At first glance, the question “why do we pay taxes?” seems straightforward. Mainstream economic textbooks offer a clear answer: governments collect taxes to (1) correct market failures, (2) promote equity, and (3) stabilize the economy [1].

But that explanation is what governments claim to do, not necessarily what they achieve. In practice, governments often fail to meet these lofty objectives. In fact, government failures are frequently larger and more damaging than market failures they are meant to solve.

One reason for this is that “the government” isn’t a single, unified entity with consistent goals. Instead, it’s a collection of individuals—politicians, bureaucrats, and administrators—each pursuing their own interests. Another reason is that governments don’t operate under the same financial constraints as households or businesses. Government officials spend money they don’t earn and borrow without being personally liable for the debt. This financing structure allows—perhaps even incentivizes—irresponsibility in ways that private actors cannot afford. As a result, the mainstream textbook purposes of taxation rarely align with the messy reality of politics.
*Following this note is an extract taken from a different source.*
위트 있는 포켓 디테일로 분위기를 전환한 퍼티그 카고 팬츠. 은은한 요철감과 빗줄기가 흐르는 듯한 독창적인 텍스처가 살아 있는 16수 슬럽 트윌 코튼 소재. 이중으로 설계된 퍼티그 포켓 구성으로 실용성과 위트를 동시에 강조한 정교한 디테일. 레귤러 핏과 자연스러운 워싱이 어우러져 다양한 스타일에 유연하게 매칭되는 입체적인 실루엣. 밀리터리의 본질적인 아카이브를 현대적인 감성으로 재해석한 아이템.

So if governments don’t (or can’t) truly maximize efficiency, equity, or stability, the question remains: why do we actually pay taxes?
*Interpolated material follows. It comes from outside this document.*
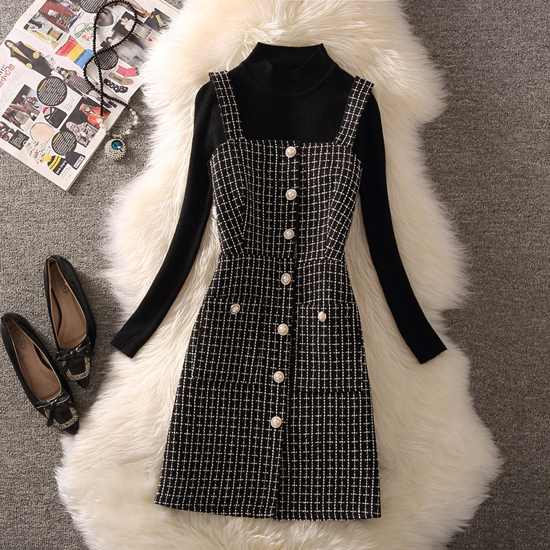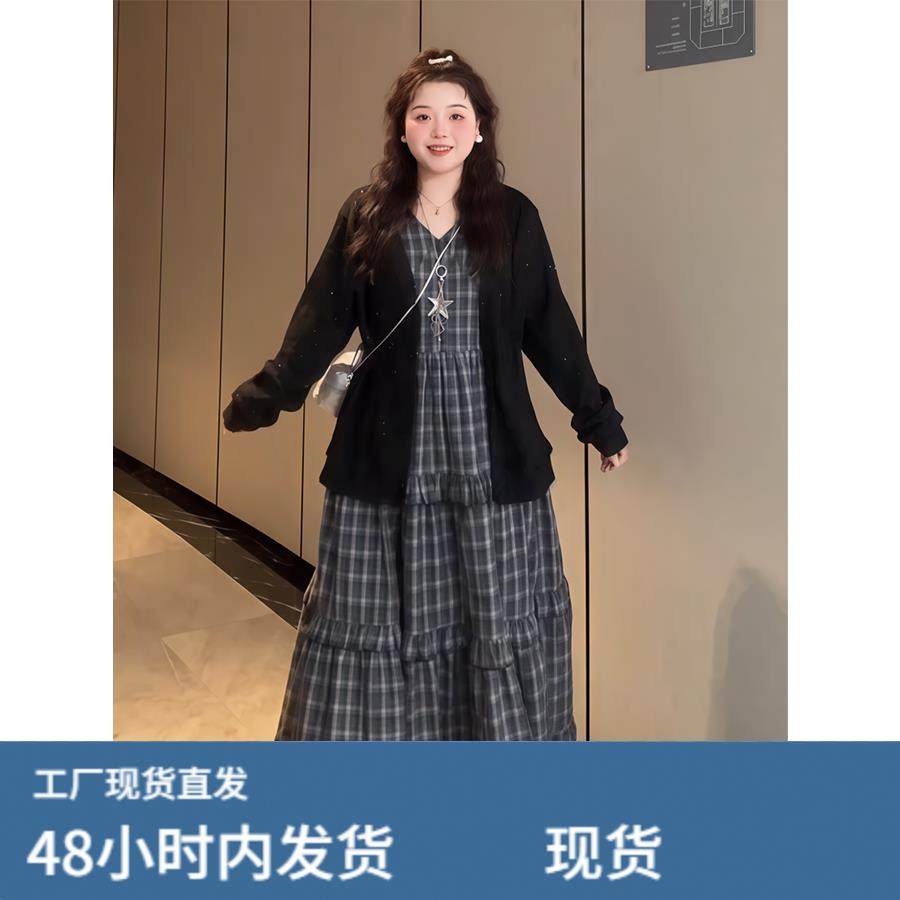 大码胖MM秋季韩版学院风复古v领格纹吊带连衣裙黑色软糯毛衣套装

To answer that, we must first understand what money is—the very instrument we use to pay our taxes. Contrary to what many believe, money is not a commodity with intrinsic value, nor is it merely pieces of paper or digits on a screen. Money is debt, an IOU (I owe you). Digital money represents debts owed by commercial banks, while paper currency represents debts issued by the central bank. On its own, money has no inherent worth. Yet, people treat money as valuable. We use it to buy food, clothes, and countless other goods and services. This raises an important question: why does anyone accept money as payment in the first place?

The answer is taxes.

Think about it. Nobody wants to pay taxes. We pay them because the government forces us to do so under threat of fines or imprisonment. But this very coercion is what gives money its value. When a government requires taxes to be paid in its official currency (like the dollar, peso, or rupiah), everyone living under that government needs that currency to settle their obligations and stay out of trouble. Because I need rupiah to pay my taxes, I will accept rupiah from you as payment for my work. You, in turn, will accept it from others for the same reason. This shared need, driven by the tax mandate, creates a society-wide demand for the currency.

Without a tax system to enforce its use, your bank balance would be just digits in a computer, and your paper bills would be as worthless as Monopoly money. The value of money doesn’t come from the metal it’s made of or the paper it’s printed on, but from the taxes that must be paid with it.

So, why do we pay taxes? At the most basic level, we pay because we are forced to. In doing so, however, we participate in the system that transforms otherwise worthless pieces of paper and digital entries into an acceptable medium of exchange. This system is controlled by the central bank and commercial banks, which create money out of thin air when they lend and profit from the interest they collect. If that sounds like a form of servitude, that’s because it is.

Footnotes:

  1. Known as Richard Musgrave’s “Three Functions of Government” which consists of allocation, distribution, and stabilization.
  2. Read “What is Money?” and “The Credit Theory of Money” by Alfred Mitchell-Innes.